This sort of made sense in lockdown, when a lack of holidays, or even the difference between home and office, limited our options for measuring when events actually took place.

Be that as it may, the dateline on the back issue of the newspaper I have on my desk tells me it is apparently a year since I wrote these words: “The pace at which researchers the world over have worked to find a viable vaccine has been remarkable, and we now have the hope of a more normal year ahead of us. Let us hope that in the rush to recover, we don’t forget what we learned anew this year.”

The arrival of the vaccines in the spring and the reopening of the economy from the summer on ensured that 2021 was “more normal” than 2020 (although perhaps “less abnormal” might be closer to the mark).

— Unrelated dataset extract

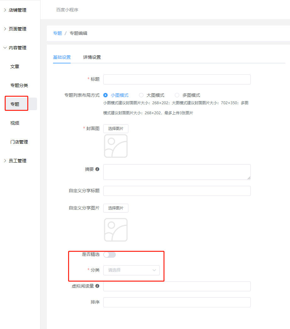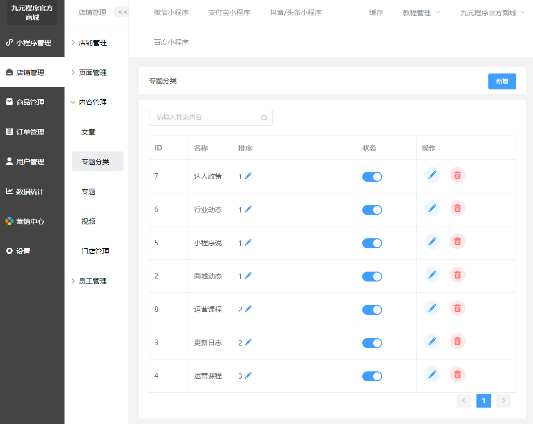 ### 专题分类 #### 用处: 主要用于专题的分类。  - 支持专题分类名称搜索 - 支持快捷排序 - 支持专题分类隐藏或者显示 - 在后台添加专题的时候选择分类  - 在小程序端专题里面显示
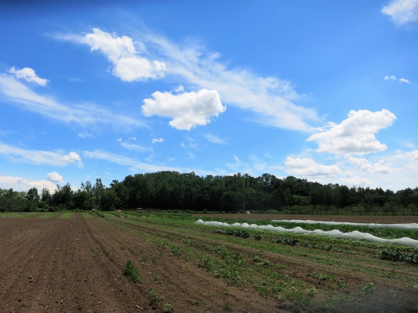 This afternoon, Amy was in the tomato patch, suckering & tying. I was transplanting lettuce seedlings into the field. But both of us were eyeing the clouds, marvelling at the lightning and listening to the thunder.

But my words from a year ago could equally well apply now. The Prime Minister has said we might be at the peak of the fourth wave (for more on this, see our regular Coronavirus Roundup on page four), and I guess most businesses (leaving aside hotels and hospitality at one end of the spectrum and e-commerce and logistics at the other) have had a better 12 months. Better, but not record-breaking.

After its initial explosion (17.8% GDP growth in Q2!), the recovery has been held back somewhat by supply chain bottlenecks and component shortages. We have a highly transmissible new variant of the virus, which is already dominant in South Africa, where it was first spotted barely a month ago, and well on its way to being so in the United Kingdom. The first two cases have been found here, in a married couple who have not traveled. That means they contracted Omicron in Hungary, and there are more cases about which we do not yet know.

So, we stand ready to step into 2022, hoping for a better year, but with some disquiet about what may lay ahead. Back in 2019, most of us only had anticipation, I guess. It was a different time, figuratively as much as actually.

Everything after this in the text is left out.